# Systema



## Tbone_trex (Sep 9, 2007)

I am looking for a good systema instructor in London ontario canada and not just some yahoo wannabe if anyone can recommendsomeone please do so.


----------



## arnisador (Sep 9, 2007)

You might contact jaybacca72 who studied it for a while and is in the area. I don't believe that he continues to practice it but he's likely a good resource for who's local.


----------



## Kacey (Sep 9, 2007)

Attention all users:

This post has been moved to Russian MA (which includes Systema) in the hopes of generating more responses.

Karen Cohn
MT Senior Moderator


----------



## Tbone_trex (Sep 9, 2007)

arnisador said:


> You might contact jaybacca72 who studied it for a while and is in the area.
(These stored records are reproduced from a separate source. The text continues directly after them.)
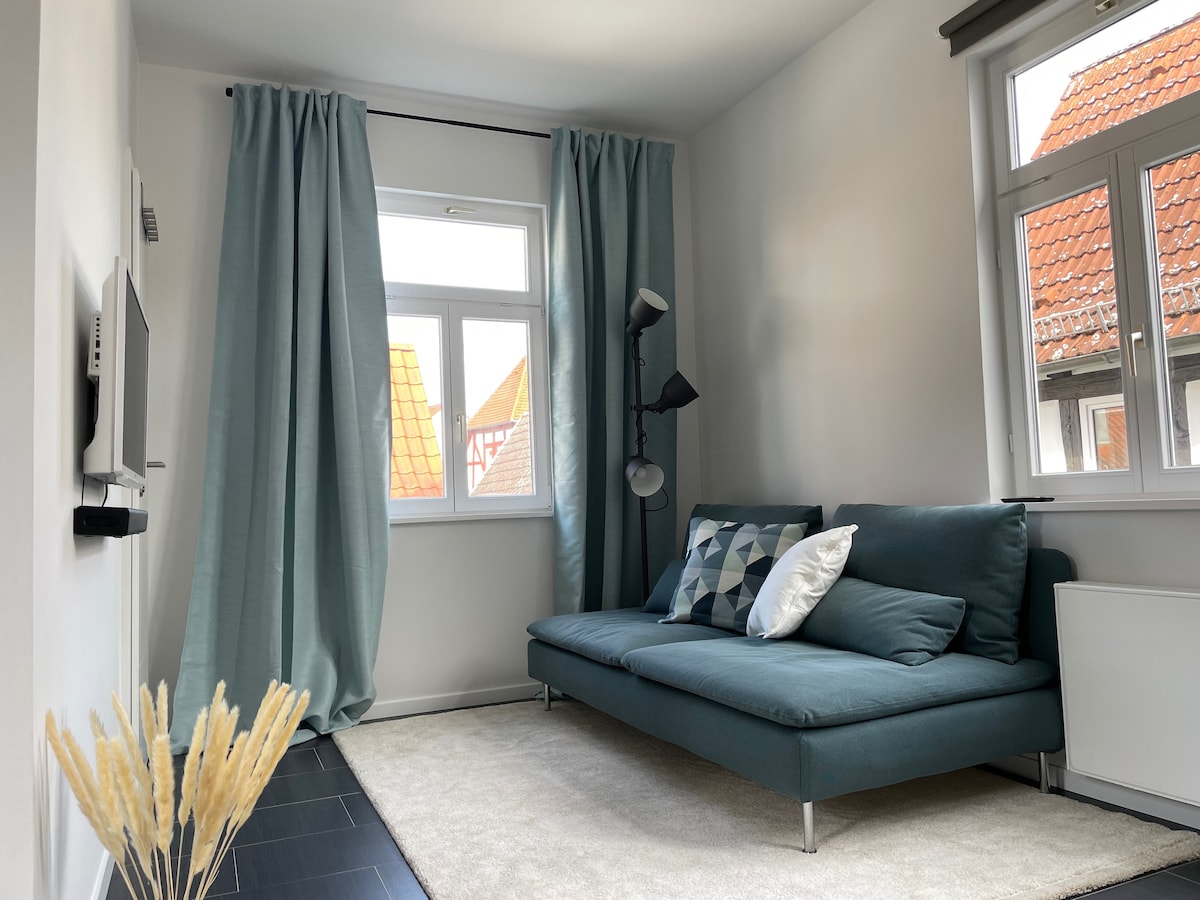 Nuestro apartamento de vacaciones (aprox. 35 m²) está situado en el centro del casco antiguo histórico de Butzbach, la perla de Wetterau. La plaza del mercado medieval con sus casas históricas de entramado de madera es una de las más bellas de Alemania. El apartamento tiene una entrada independiente con videoportero. Gracias a su céntrica ubicación, se puede ir andando a todas las tiendas, cafeterías y restaurantes. La estación de tren está a 3 minutos a pie.
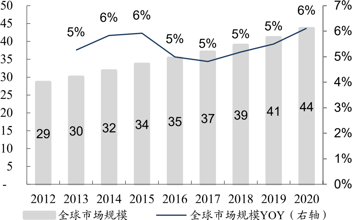 目前,全球工业软件产业已形成较为稳定的市场格局,产业规模稳定增长。2020年全球产业规模估计为4,358亿美元,2012-2020年五年复合增长率约为5.45%。
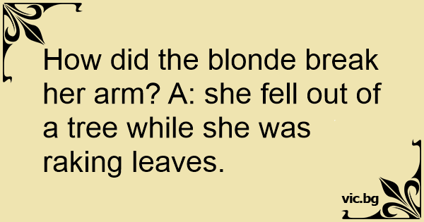 How did the blonde break her arm? A: she fell out of a tree while she was raking leaves.

I don't believe that he continues to practice it but he's likely a good resource for who's local.


 
Thanks for the info Jay is actually a friend of mine!


----------



## Mark Jakabcsin (Sep 9, 2007)

I suggest meeting with Vladimir and asking him. 

MJ


----------



## NYCRonin (Sep 9, 2007)

Mark is right - that is the best reply to your question.

Sometimes there are qualified Systema exponents that do not advertise or choose not to be included on a list. They work with a few - and Vlad is actually the best source for recommendation in any area of N. America - and other countries as well.


----------